For all the gruesome detail in “The Cheshire Murders” (HBO, 9 p.m.), the chilling and well made documentary about the home invasion, rape, murder and arson six years ago tonight, the filmmakers didn’t have access to the crime photos.
But, filmmaker David Heilbroner says, “We wouldn’t have used them anyway.”
The 2007 slaying of the wife and two daughters of a respected doctor in Cheshire, Conn., horrified and captivated the state right until the final conviction and death penalties for the two perpetrators, Steven Hayes and Joshua Komisarjevsky.
In an interview I conducted for a story in the Hartford Courant, Heilbroner said, “Some of the photographs were sealed by the court and the media was allowed to see them without showing them. We really in fact held back, even in this cut, as graphic as it is, is more than enough to impress upon anyone the details of the horror. There were even details we held back on. Because we just felt there’s a level of respect we wanted to give to leave to the victims themselves.
“We’re talking the rape and burning alive of an 11 year old girl,” Heilbroner said. “You don’t need to know more than that.. You don’t neeed to know the ugly specifics. That’s specific enough I think.”
Only jurors got to see some of the photos, he said, “and a lot of them had to go seek counseling. And we watched these photos being passed round in a folder and we saw the jurors one by one lose it. So one could ask, Is this film going to dredge this up again? But in scheme of a two hour film it was important to show that the crime was bad enough to shake a town, a state, enough to even shift the law.”
Besides, he said, “it’s important to know what went on that night to understand better um the enormous of trying to cope with this from the victims point of view, and by victims I man family members of the perpetrators.

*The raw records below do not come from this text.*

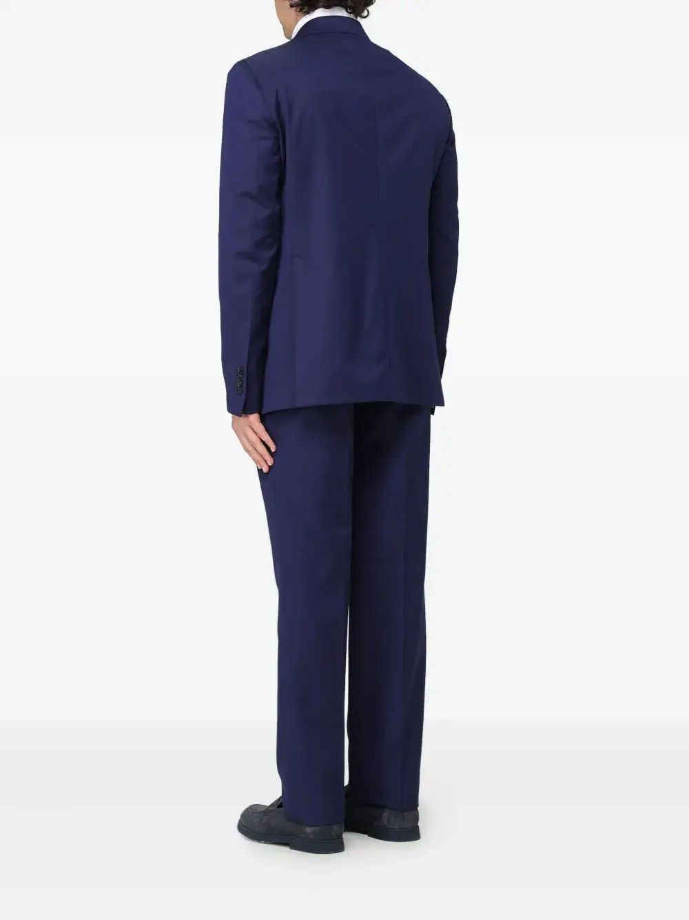 Синие лацканы-шалька, застежка на две пуговицы, прорезные карманы с клапанами, манжеты на пуговицах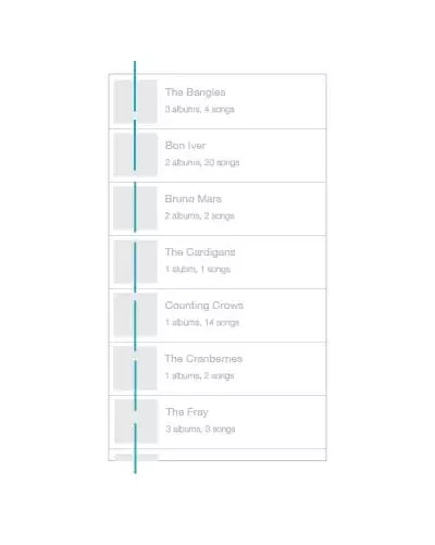Rdio的APP設計就遵循著這樣的設計規則,屏幕兩側的控件是相同的規格,這類布局很適宜閱讀,用戶會自覺地自上到下,從左向右查看。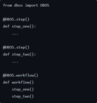 DBOS 工作流通过在 Postgres 中设置程序状态检查点来增强程序的持久性,如果程序发生故障,重新启动时,所有工作流将自动从上次完成的步骤恢复,我们可以通过将普通函数修改为工作流和步骤,将持久工作流添加到现有的 Python 程序中: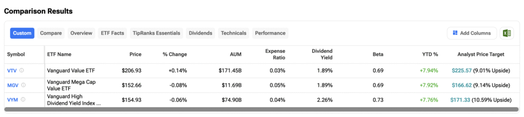Market volatility has defined 2026 so far, with shifting interest-rate expectations, geopolitical tensions, and uneven earnings driving swings across the broader market. While the S&P 500 (SPX) has posted a modest 1.47% year-to-date gain, some ETFs are quietly outperforming. Using TipRanks’ Best Vanguard ETFs tool, we identified Vanguard Value ETF VTV +0.14% ▲ , Vanguard Mega Cap Value ETF MGV -0.08% ▼ , and Vanguard High Dividend Yield Index ETF VYM -0.06% ▼ — each up more than 7% so far this year.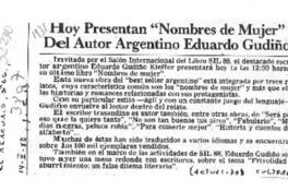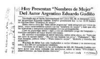 Hoy presentan "Nombres de mujer" del autor argentino Eduardo Gudiño. [artículo] El Mercurio (Diario : Santiago, Chile)-- mayo 14, 1988, p. C13. .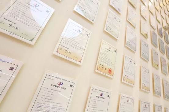 整面的專利墻,收錄了李銀祥董事長(zhǎng)領(lǐng)導(dǎo)的旗下集團(tuán)百余項(xiàng)專利。這面墻沒有過多的裝飾,卻足以彰顯李銀祥董事長(zhǎng)對(duì)科研創(chuàng)新的重視和投入??底税俚略诶钽y祥董事長(zhǎng)的領(lǐng)導(dǎo)下,自成立以來就高度重視在科研方面的投入,不斷加大科研投入力度,致力于提升產(chǎn)品和服務(wù)質(zhì)量。
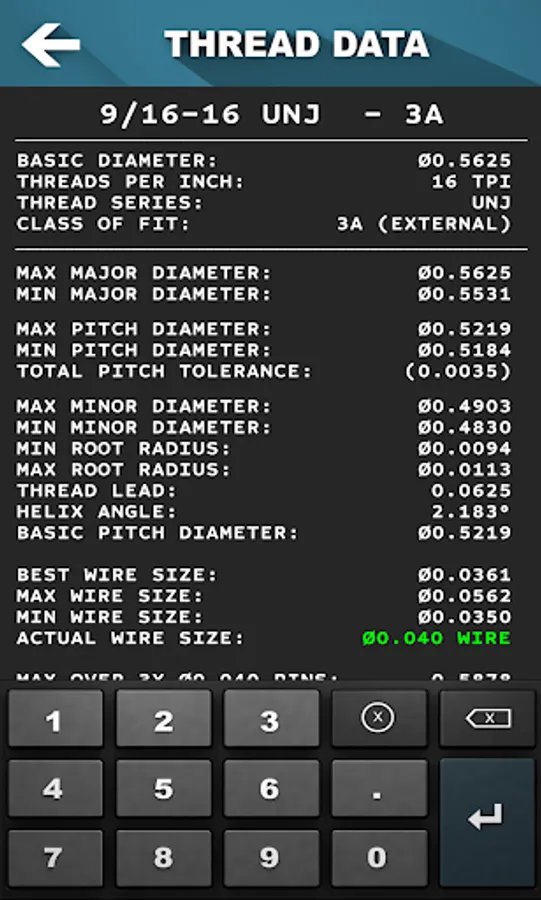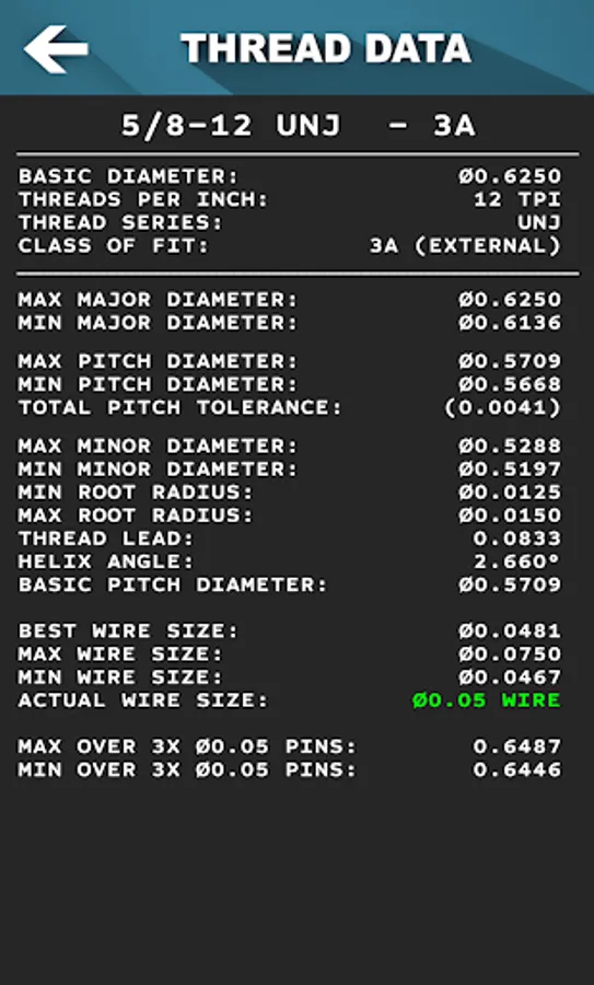 Get thread pitch, major, minor, root radius, helix angle, and more for 60° threads. Shows min and max wire sizes for checking each thread and shows the correct measurement over pins for whatever wire size you choose.

“But I also think anyone who wants to devote time to knowing the details of the crime does need to know the details of the crime. You need to know the pathology of the defendants themselves. And oddly enough, in the case, the details of what Joshua did in particular dovetail in a fascinating way I think with the interviews that you’ll see with people who knew him his entire life.”
Why do that at all? “If you learn who Joshua is, and you understand the things that were done to him, it starts to make some twisted sense. And in a way, that helps you digest this otherwise unfathomable crime.”
The murder convictions coincided with the end of the death penalty in Connecticut.
And Heilbroner calls the home invasion case “the perfect crucible for looking at death penalty. In this case it seems the guilt not a question, the heinousness of the crime isn’t an issue, so if you’re going to have a death penalty case, isn’t this the perfect case.”
At the same time, says fellow filmmaker Kate Davis, “an aspect of the death penalty that I certainly wasn’t aware of before, and the public may not have been aware of, that once something becomes a death penalty case it involves a two part trial, that involves going through the evidence twice, and not only that, in the mitigating phase having to prove the aggravating factors outweigh the mitigating factors, so that means really pressing upon the jury and the courtroom just how horrific the crime is.
We sat and watched the family crumble and cry, and were really shaken in the trial. All that extra trauma, which comes out in this case unspeakable unspeakable evidence. Would have not have been necessary or just an innocence or guilt situation,” Davis said.
“So it’s a really interesting irony to me there’s a true effort on the part of the victims in achieve what Dr. Petit calls the ultimate penalty for the ultimate crime, and yet in doing so, many people are put in the position of relive that night in the kind of detail they never would have otherwise been protected from.”